[HN Gopher] Apple Intelligence notification summaries are pretty...
___________________________________________________________________
Apple Intelligence notification summaries are pretty bad
Author : voytec
Score : 30 points
Date : 2024-11-18 19:38 UTC (3 hours ago)
(HTM) web link (arstechnica.com)
(TXT) w3m dump (arstechnica.com)
| whycome wrote:
| Incidentally, I turned this off today. I suspect it's terrible on
| battery life and I will find out. But the thing about the
| summaries that was they would sometimes imply the EXACT OPPOSITE
| of what was in a message. I had a few stomach-dropping moments
| when reading the summaries only for me to read the actual thread
| to see it was nowhere close. This is one of "it's not even wrong"

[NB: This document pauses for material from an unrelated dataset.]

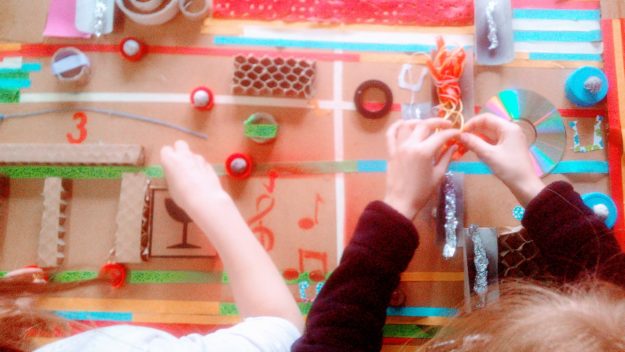 Atelier création d’une œuvre collective, autour de la musicalité des objets et matériaux de récupération.

| situations and I don't know how it was fucked up this badly. The
| nature of the texts themselves weren't complicated either. I
| didn't save them, but I suspect it stemmed from misinterpretating
| some subtle omission (like our common practice of leaving out
| articles or pronouns).
| jiggawatts wrote:
| The current AIs are pretty bad at handling negation especially
| when the models are small and quantised. To be fair, so are
| humans: double, triple, or even higher negatives can trip
| people up.
|
| This effect of smaller models being bad at negation is most
| obvious in image generators, most of which are only a handful
| of gigabytes in size. If you ask one for "don't show an
| elephant next to the circus tent!" then you will definitely get
| an elephant.
| echoangle wrote:
| Isn't the negative prompting thing with image generators just
| how they work? As far as I understand, the problem is that
| training data isn't normally annotated with ,,no elephant"
| with all images without elephant, so putting ,,no elephant"
| in the prompt most closely matches training data that's
| annotated with ,,elephant" and includes elephants. The image
| models aren't really made to understand proper sentences, I
| think.
| jiggawatts wrote:
| Yes, but it's more complex than that! If you ask "who is
| Tom Cruise's mother" you will get a much more robust
| response than asking "who is Mary Lee Pfeiffer's son?".
|
| It's not just negation that models struggle with, but also
| reversing the direction of any arrow connecting facts, or
| wandering too far from established patterns of any kind.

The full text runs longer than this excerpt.